My dear ones, thank you all
Who did not falter, who believed in us!
In the most fearful prison hour
We probably would not have passed
Through everything—from end to end,
Our heads held high, unbowed-
Without your valiant hearts
To light our path.

Her poem, which she published as a sort of open letter of thanks to all those who had prayed for her and worked for her release, made a profound impression on me when I first read it. I had been one of those who wrote letters to the Soviet authorities appealing for her release and humane treatment while in prison and wrote letters intended to let her know that she was not forgotten and alone. I prayed for her too. I knew that I should pray for her, so I did. But I remember that I regarded the letter-writing (which itself seemed quixotic enough) as the more efficacious action on my part. Compared to the heft in my hand of a two or three page letter, carefully sealed inside its stamped and addressed envelope, a prayer seemed, well, not exactly pointless or futile but insubstantial.

Of course, none of my letters, overflowing with earnest solidarity and heartfelt good wishes ever made it into her hands. But somehow prayers, invisible and weightless, made it over the barbed wire, past the guards and through the locked and barred doors of the cell where she was kept for so many months in solitary confinement.

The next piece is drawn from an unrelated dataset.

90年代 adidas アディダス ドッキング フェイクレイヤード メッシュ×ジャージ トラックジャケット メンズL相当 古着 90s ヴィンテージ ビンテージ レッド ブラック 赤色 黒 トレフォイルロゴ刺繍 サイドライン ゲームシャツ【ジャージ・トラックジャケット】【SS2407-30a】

And as I remembered that poem, I thought of how prayer is somehow not separate from the mystery of Christ’s death and resurrection, but intimately and powerfully bound up in it. Crushed and powerless in the tomb, the love of God, which is Life itself overcame and defeated death. Risen from the dead, neither the tomb nor the guards could confine him, nor could He be kept out by locked and barred doors.

Because our prayer as Christians is a participation in the saving death and resurrection of Jesus, I should never be surprised at its power to sustain those in need and to illumine the darkest places in our lives and experience.

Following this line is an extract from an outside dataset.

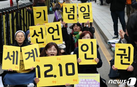 (서울=뉴스1) 허경 기자 = 6일 서울 종로구 평화로 일본대사관 인근에서 열린 제1625차 일본군성노예제 문제해결을 위한 정기 수요시위에서 참석자들이 12·10 세계인권선언기념일 손팻말을 들고 있다. 2023.12.6/뉴스1neohk@news1.krCopyright ⓒ 뉴스1. All rights reserved. 무단 전재 및 재배포, AI학습 이용 금지.

Significantly, immediately after the baptism and confirmation of the neophytes during the Easter Vigil at the Cathedral, we prayed the Universal Prayer, (also known as the Prayer of the Faithful) on behalf of everyone and everything. Embedded within the mystery of putting on Christ is our call to intercede and support each other in prayer.

From outside the perspective of faith, it is easy to regard prayer as an optional extra. But our prayer for others, in Christ, should be the beginning and the end of all our efforts in charity and solidarity. Our other necessary and laudable activities on behalf of others incarnate the prayer that is (or should be) at the heart of our charity.

The sustaining warmth and joy that Irina Ratushinskaya felt in her prison cell was the presence of Christ himself, mediated through those praying for her. Christ acting in us, we pray in and through the power of His death and resurrection into which we were plunged in our baptism and of the Holy Spirit, poured out on us in confirmation.
Christ is Risen! Cristo ha resucitado! Si Cristo ay nabuhay! Xristos Kuxwoo-digoot!